Try it
Leave every picture out, then reproduce the rest of the listing exactly.

Provided material

= Beginning of Section =

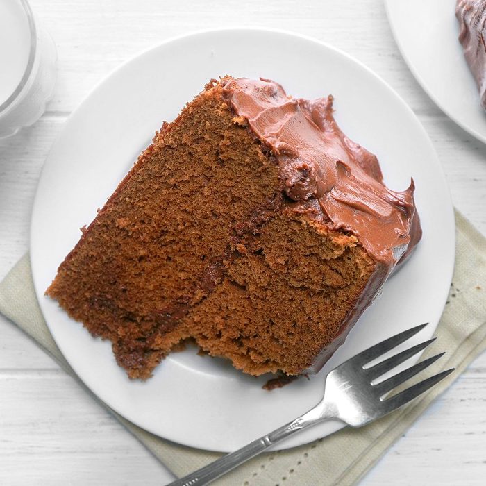 This recipe won several blue ribbons at our state fair. The made-from-scratch chocolate layer cake topped with a fudgy homemade frosting is truly a can't-miss dessert. —Donna Carman, Tulsa, Oklahoma
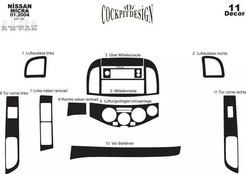 Накладки на панель Дерево для Nissan Micra K12 2003-2010 рр
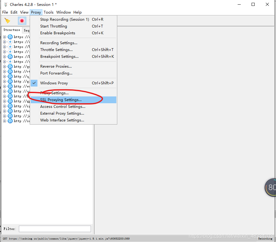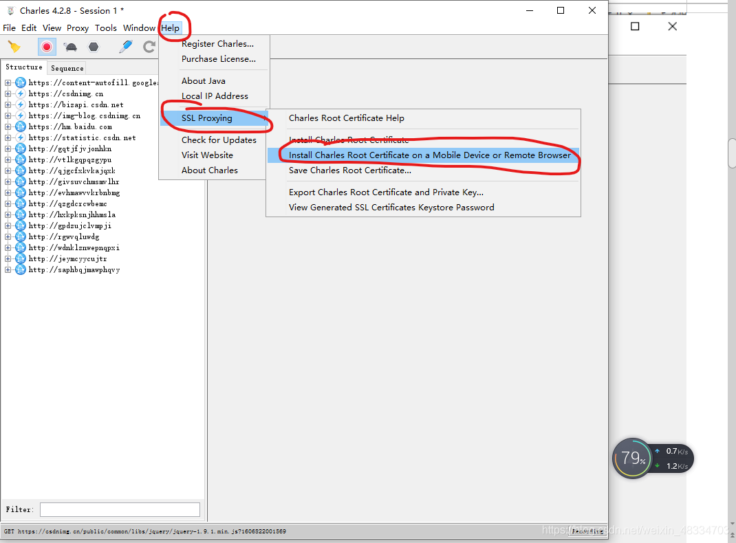 5:点击help选择ssl Proxying,点击第三个(下载移动端证书)

= End of Section =

Result of the task
 This recipe won several blue ribbons at our state fair. The made-from-scratch chocolate layer cake topped with a fudgy homemade frosting is truly a can't-miss dessert. —Donna Carman, Tulsa, Oklahoma
 Накладки на панель Дерево для Nissan Micra K12 2003-2010 рр
 5:点击help选择ssl Proxying,点击第三个(下载移动端证书)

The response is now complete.